Melis: Deniz zaten resme çok yetenekli. Orada da daha ilgiliydi tabii. Ona olan katkısını da şöyle gözlemledim: Bir resme bakarken “Ressam burada boyaları yaymayı unutmuş anne” dedi. “Bence unutmamış kızım, özellikle o şekilde kullanmış boyaları ve bu bende çok değişik bir duygu yarattı, çok hoşuma gitti” dedim. Mükemmeliyetçi bir yapısı olan Deniz, bir şeyin mükemmel olmadan da güzel olabileceğini fark etti o an. Yani ikisinde de farklı bakış açıları geliştirme konusunda faydalı olduğunu gözlemledim. Bence sen de Lorin’i götürmeye başlayabilirsin.
Gizem: Ne kadar güzel detaylar. Ben pandemi öncesi Contemporary’ye gittiğimde, 2-3 yaşlarında bebekler görürdüm. Ben daha
o zaman evli bile değilim. Şimdi sıra bizde ama artık maalesef çok büyük sergiler düzenlenmiyor. Oyuncak Müzesi gibi yerlerle başlayıp bir alışkanlık oluşturayım, diyorum. Sonra Sabancı Müzesi ilk hedeflerim arasında... Ardından sahilde biraz yürüyüş ve çay-simit...
Melis: Evet evet. Başlarda özellikle küçük bir çocuğun daha çok ilgisini çekebilecek renkli, ilginç sergi ve müzelere gitmek daha iyi olur.
Gizem: Lorin’in “Anne bu nedir” tekrarları kulağıma geldi bile...
Melis: Kesin (gülüyor)! Ama sırf o farklı ambiyans içinde olmak bile onun hayata bakışında minnacık da olsa bir değişim yaratacaktır.
Gizem: Evet. Bu bir yandan çocukları televizyondan ve tabletten uzak tutmanın da şahane bir yolu. Hem hayal güçleri gelişiyor hem de ebeveyniyle beraber keyifli bir gün geçiriyor. Neye göre ve nasıl seçiyorsun sen sergileri?
Melis: Gazetemizin ajanda bölümüne bakıyorum ve ilgimi çeken serginin olduğu galeri ya da müzeyi arıyorum. Çocuklar için uygun olup olmadığını soruyorum.

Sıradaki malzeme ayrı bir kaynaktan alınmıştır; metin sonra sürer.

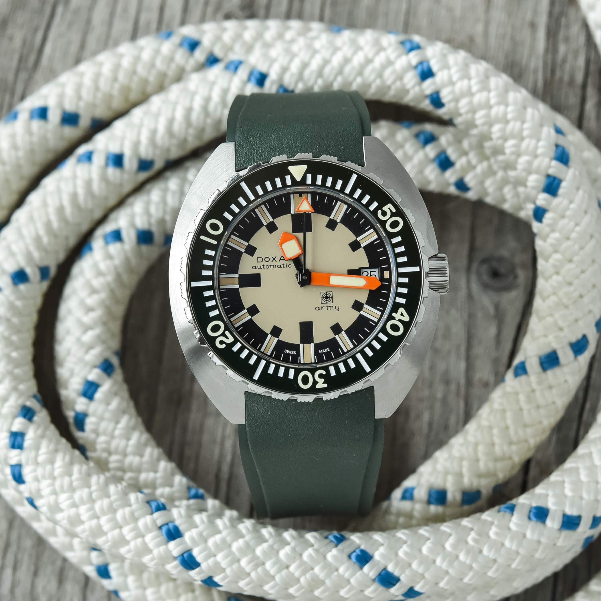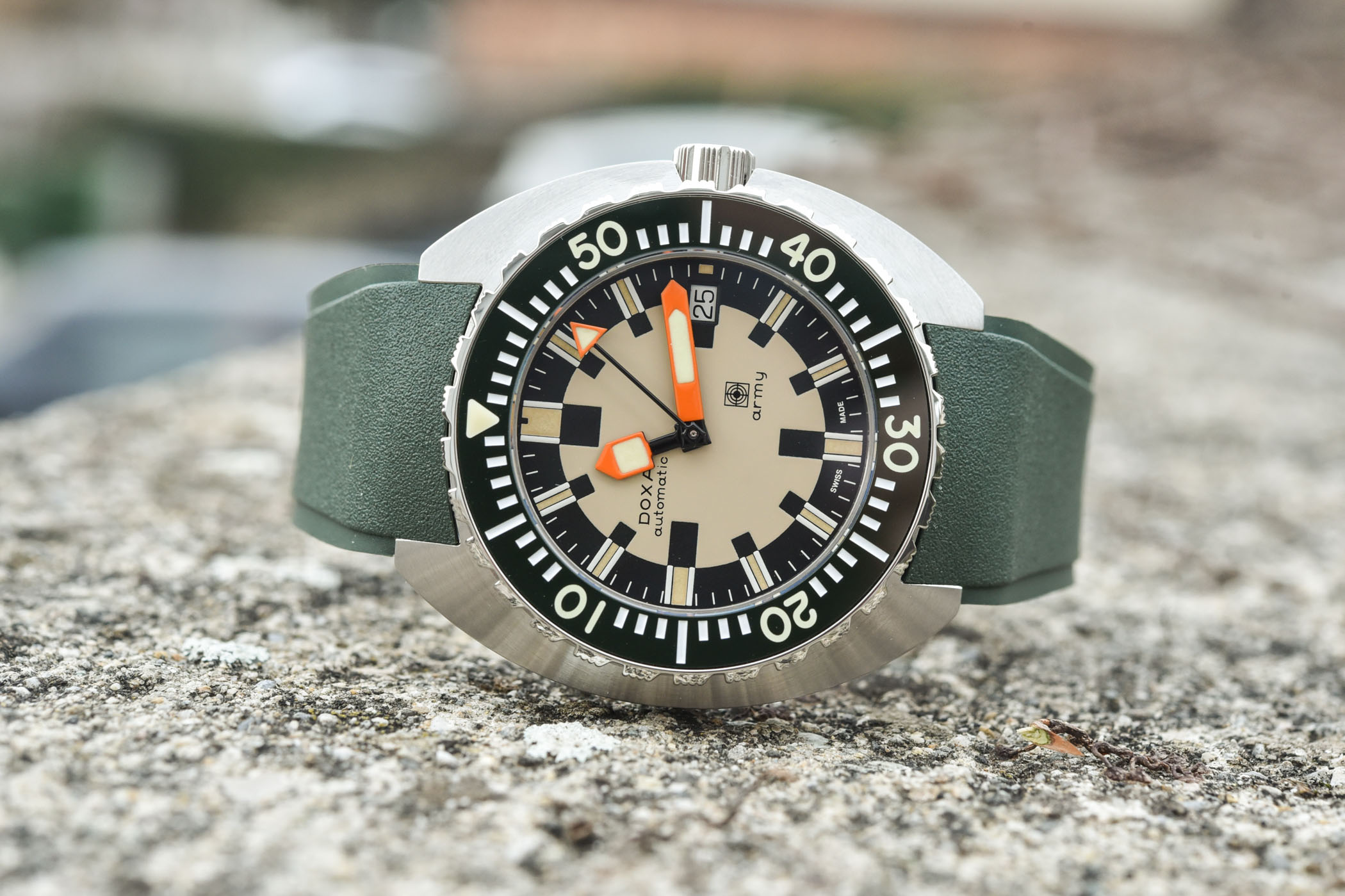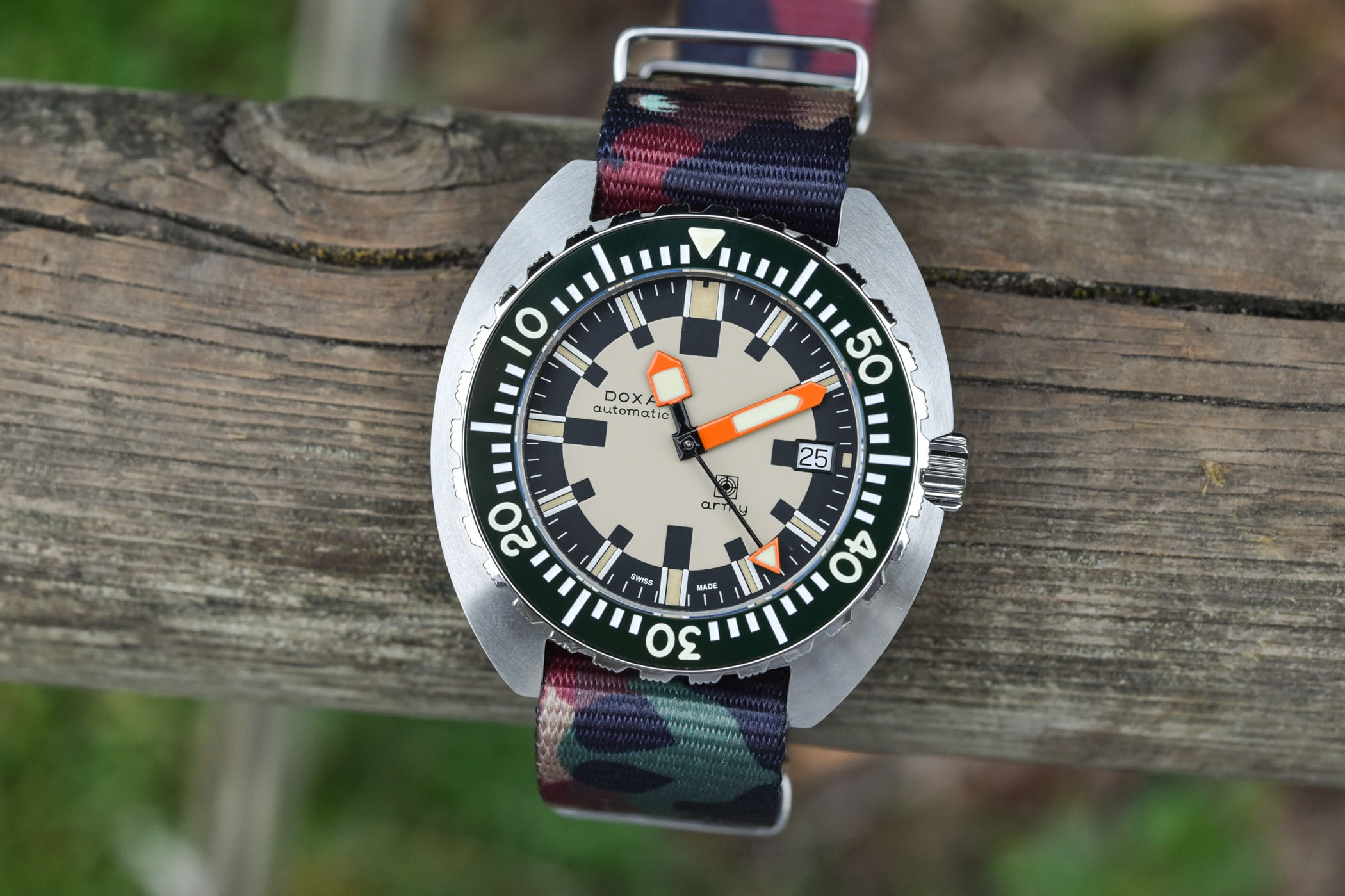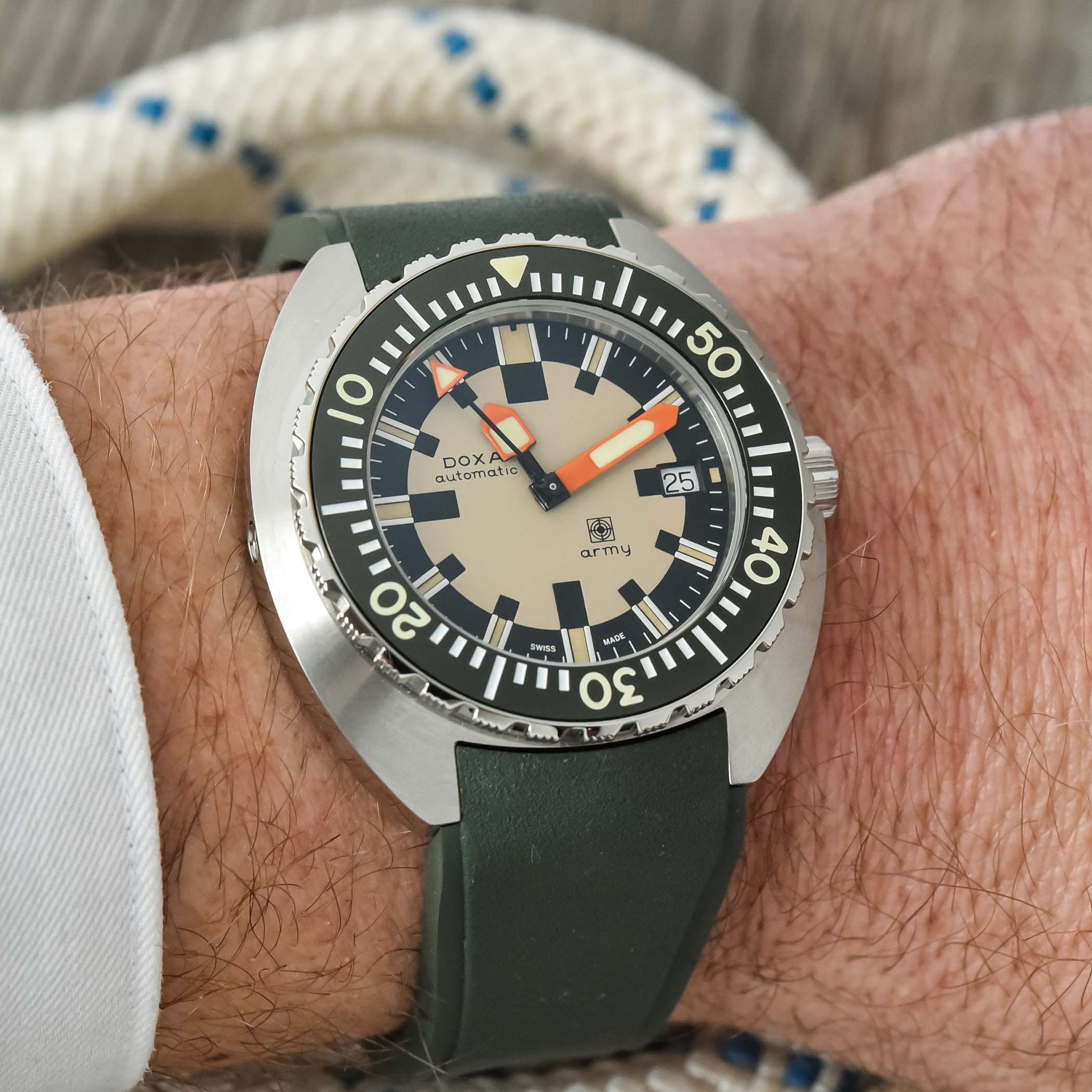 The story of the Doxa Army, as we explained it here, isn’t the easiest. it was a watch only made for professional use and never meant to be known by a wide audience. But watch collecting is what it is, and things surface and then become cult… In 1966, the Swiss Army set up a special force of military divers trained to become an elite corps. Its first member began training in 1968 and around that time the Doxa SUB 300T passed a stringent series of tests set up by the Swiss Army so the watch could become part of the standard equipment issued to its divers. In 1969, the brand and the Swiss Army jointly developed a watch based on the specifications of the SUB 300T already in use. This Doxa Army watch came with a matte black case, a countdown 60-minute matte black insert on the diving bezel, and a sand-beige dial that eliminates any risk of glare whilst ensuring excellent readability in low visibility conditions.

Gizem: Birkaç gün önce Lorin için kreş görüşmesine gitmiştim. Kreşin kurucusuyla biraz sohbet ettik. Kendisi ODTÜ psikoloji mezunu ve 30 yıllık eğitimci. Bana bir tavsiyede bulundu. “Her hafta kendinize bir gün belirleyin ve okul çıkışı onu aldığınızda bir rutininiz olsun” dedi ve ekledi: “Mesela salı günü olacaksa adı ‘anne-kız günü’ olsun. Bir pastaneye gidin ve birlikte limonata içip gününüzü konuşun ya da sahile inip kuşlara yem verin. Bir rutin oluşturun. Çarşamba değil, mutlaka her salı onu gerçekleştirin. İleride belki birçok şeyi hatırlamayacak ama rutinlerinizi asla unutmayacak.” Çocuklarla 15’te bir, ayda bir sanat rutini oluşturmak çok güzel olmaz mı?
Melis: Olmaz mı! Heveslendim yine, bu ara başka neler var acaba?
Gizem: İstanbul Modern, Sakıp Sabancı Müzesi, Pera Müzesi başlıca takip edilmesi gereken müzelerden. Özellikle SSM’de belirlenen günlerde ‘pusetli aileler’ diye bir seçenek var, 18-36 ay arası çocuklara şahane etkinlikler hazırlıyorlar. Bu müzelerin hepsinin ‘çocuk’ bölümü var. 4-7 ve 8-12 yaş gruplarına özel sanat etkinlikleri düzenliyorlar. Bir süre daha sergi gezmeyi riskli buluyorsanız, İstanbul Modern ‘Çocuklara Çevrimiçi Modern ve Çağdaş Sanat Programı’ düzenliyor. Başka müzelerin de var çevrimiçi etkinlikleri. Üstelik birçoğu ücretsiz.